*Required work*
Only an exact repetition is needed: the lines from the start of the listing below through the line that contains "Stylové džíny značky", pictures omitted.

*Raw data*
┄┄┄┄┄┄┄┄┄┄

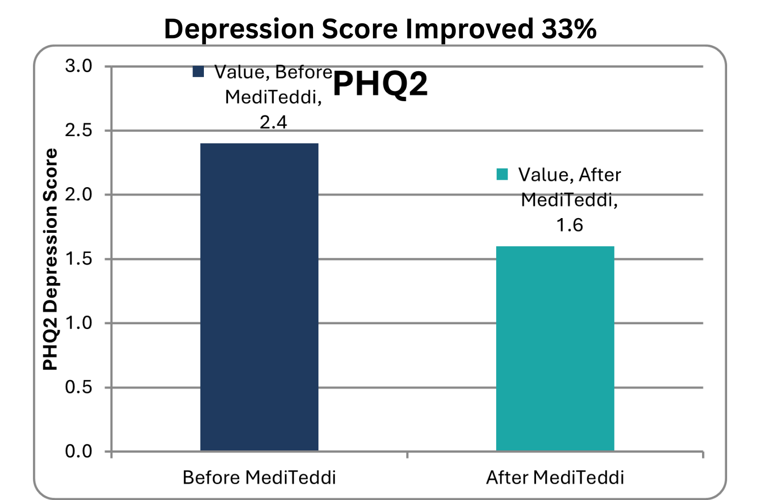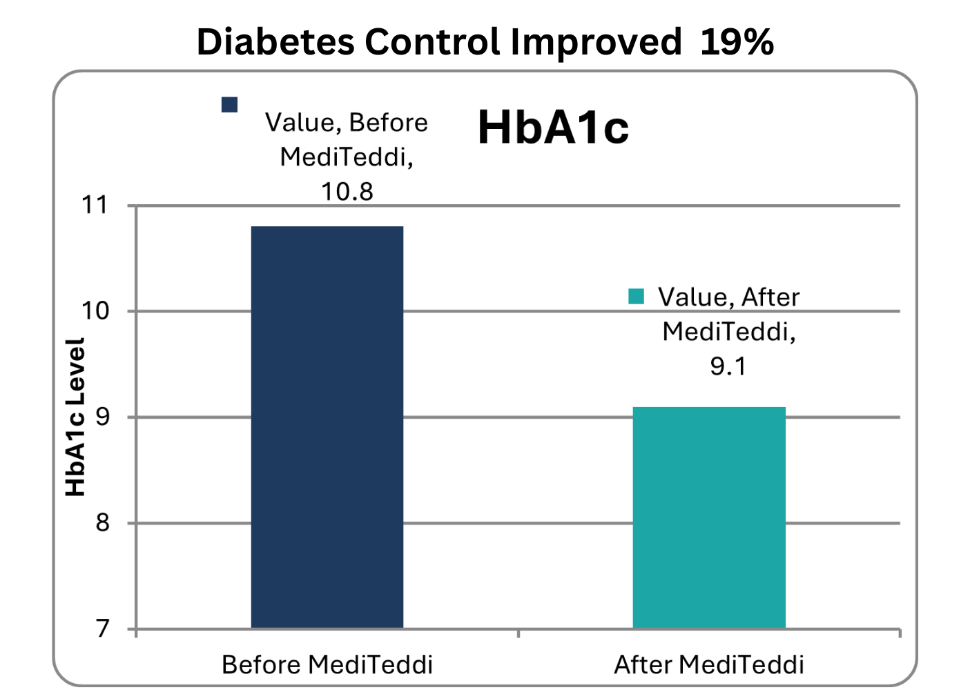 Patients in our program who maintain their improved HbA1c levels will gain on average 5–10 additional years of life and experience 30% fewer hospitalizations. Just as importantly, depression scores improved as much as they typically do with medication—without side effects—and several patients were able to stop taking antidepressants after using MediTeddi.
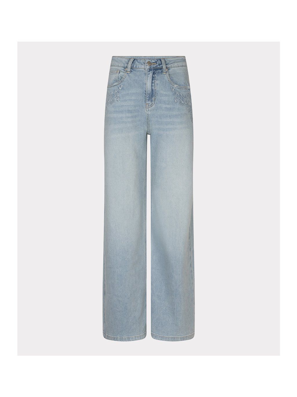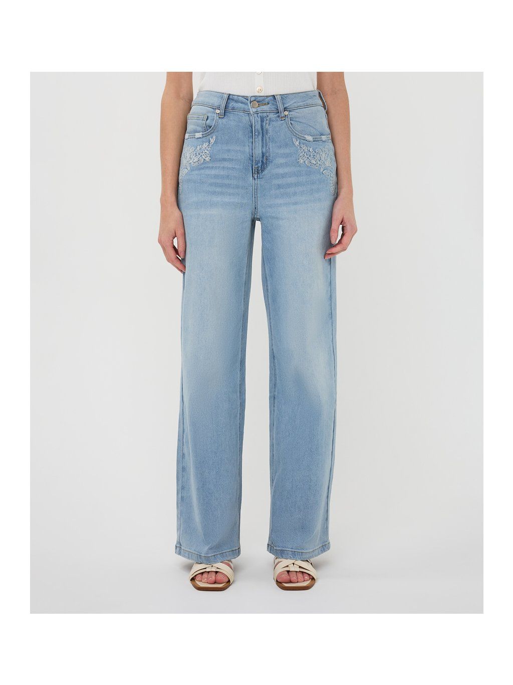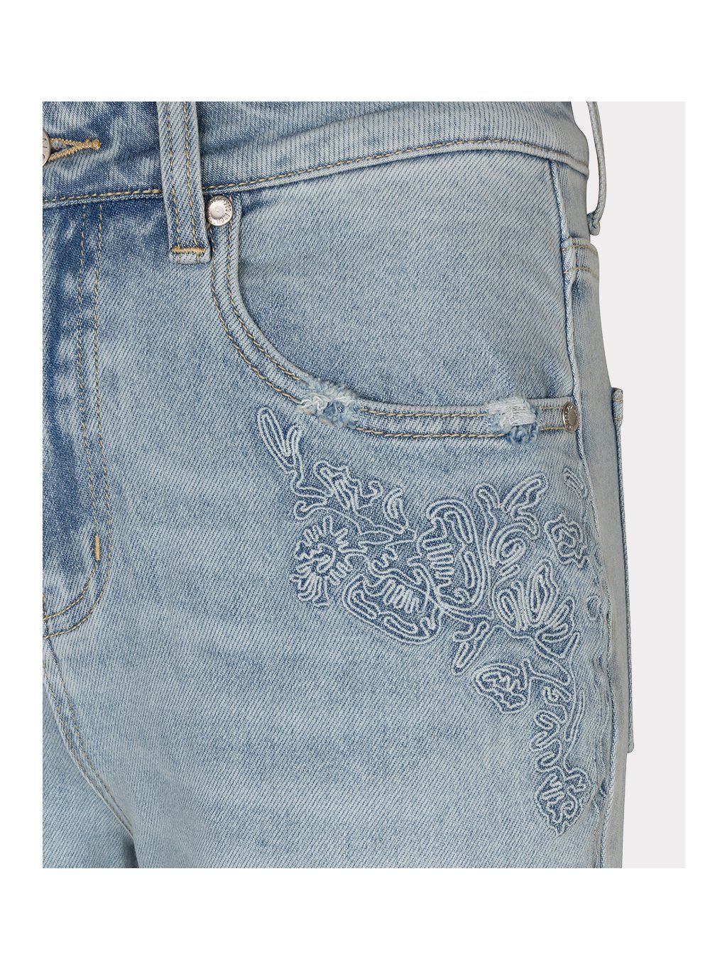 Stylové džíny značky EsQualo v jemném světle modrém odstínu zaujmou na první pohled elegantní výšivkou v oblasti kapes, která jim dodává ženský a originální detail.
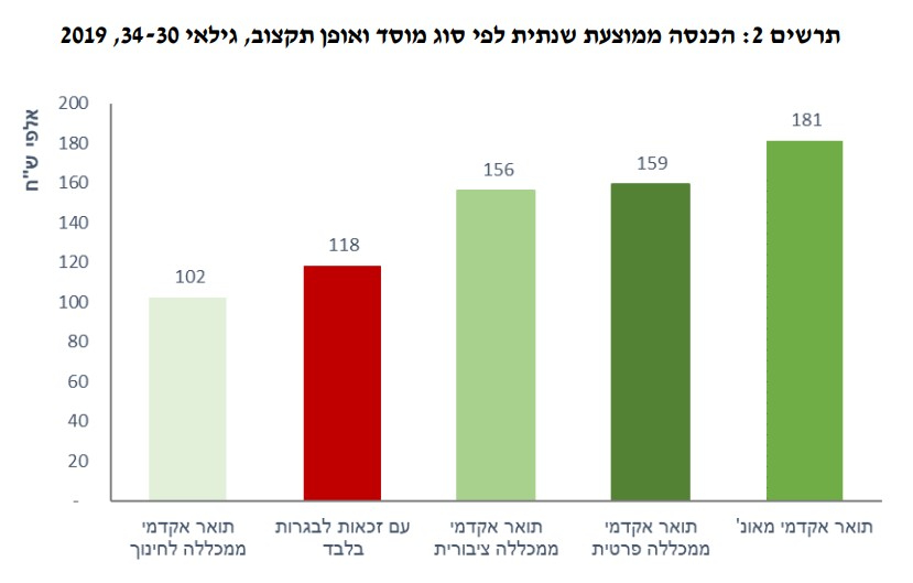 הידעתם?? על פי נתוני משרד האוצר: ההכנסה השנתית של בעלי תארים אקדמיים גבוהה פי 1.5 מההכנסה של בעלי תעודת בגרות בלבד. בעוד ההכנסה השנתית הממוצעת של בעלי תארים אקדמיים עומדת על 181,000 ש”ח, ההכנסה השנתית של בעלי תעודת בגרות בלבד עומדת על 118,000 ש”ח.
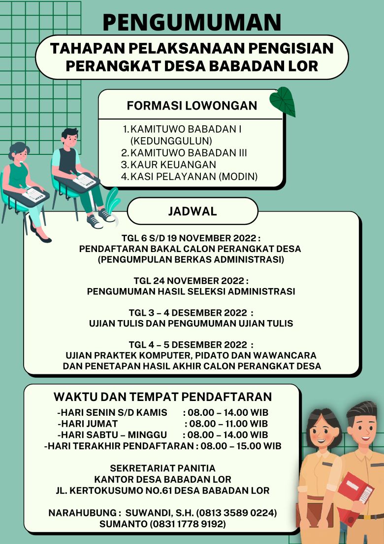 Berikut Pengumuman Tahapan Pelaksanaan Pengisian Perangkat Desa Babadan Lor Tahun 2022

┄┄┄┄┄┄┄┄┄┄

*Response to this exercise*
 Patients in our program who maintain their improved HbA1c levels will gain on average 5–10 additional years of life and experience 30% fewer hospitalizations. Just as importantly, depression scores improved as much as they typically do with medication—without side effects—and several patients were able to stop taking antidepressants after using MediTeddi.
 Stylové džíny značky EsQualo v jemném světle modrém odstínu zaujmou na první pohled elegantní výšivkou v oblasti kapes, která jim dodává ženský a originální detail.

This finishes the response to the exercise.